Matter and energy and also approximately homogeneously distributed in our own physical universe, yet building a small device that expands its influence over time and eventually rearranges the cosmos into a non-trivial pattern would seem to require something like an AI.
The universe is only homogeneous at the largest scales, at smaller scales it is highly inhomogeneities in highly diverse ways like stars and planets and raindrops. The value of our intelligence comes from being able to deal with the extreme diversity of intermediate-scale structures. Meanwhile, at the computationally tractable scale in CGOL, dense random initial conditions do not produce intermediate-scale structures between the random small-scale sparks and ashes and the homgeneous large-scale. That said, conditional on life being rare in the universe, I expect that the control problem for our universe requires lower-than-human inner intelligence.

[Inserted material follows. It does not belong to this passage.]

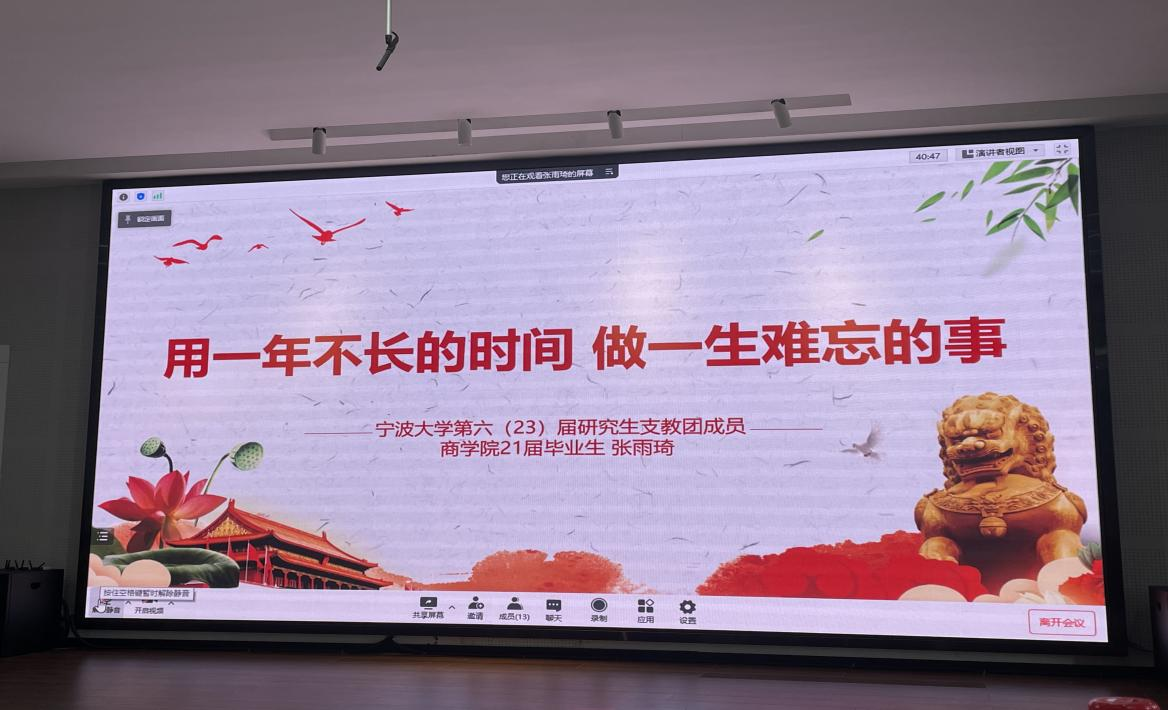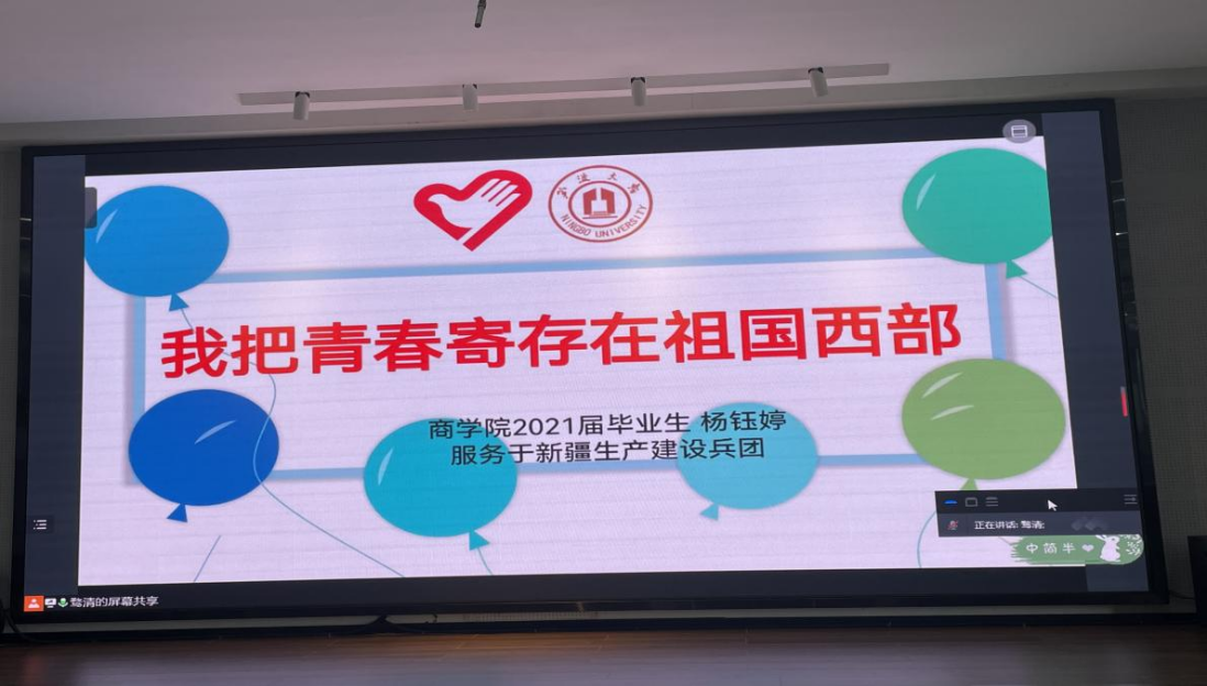 新团员入团仪式圆满结束后,紧接着一堂跨越3500公里的青春思政课在线上火热举行,远在新疆乌鲁木齐和贵州晴隆的两位志愿服务西部的杨钰婷和张雨琦同学,在云端为在商院的学弟学妹们上了一堂思政课,分享了她们多姿多彩的青春故事。

You mention the difficulty of “building a small device that...”, but that is talking about outer intelligence. Your AI hypothesis states that, however such a device can or cannot be built, the device itself must be an AI. That’s where I disagree.
Now it could actually be that in our own physical universe it is also possible to build not-very-intelligent machines that begin small but eventually rearrange the cosmos. In this case I am personally more interested in the nature of these machines than in “intelligent machines”, because the reason I am interested in intelligence in the first place is due to its capacity to influence the future in a directed way, and if there are simpler avenues to influence in the future in a directed way then I’d rather spend my energy investigating those avenues than investigating AI. But I don’t think it’s possible to influence the future in a directed way in our own physical universe without being intelligent.
Again, the distinction between inner and outer intelligence is crucial. In a pure mathematical sense of existence there exist arrangements of matter that solve the control problem for our universe, but for that to be relevant for our future there has also has to be a natural process that creates these arrangements of matter at a non-negligible rate. If the arrangement requires a high outer intelligence then this process must be intelligent. (For this discussion, I’m considering natural selection to be a form of intelligent design.) So intelligence is still highly relevant for influencing the future. Machines that are mathematically possible cannot practically be created are not “simpler avenues to influence in the future”.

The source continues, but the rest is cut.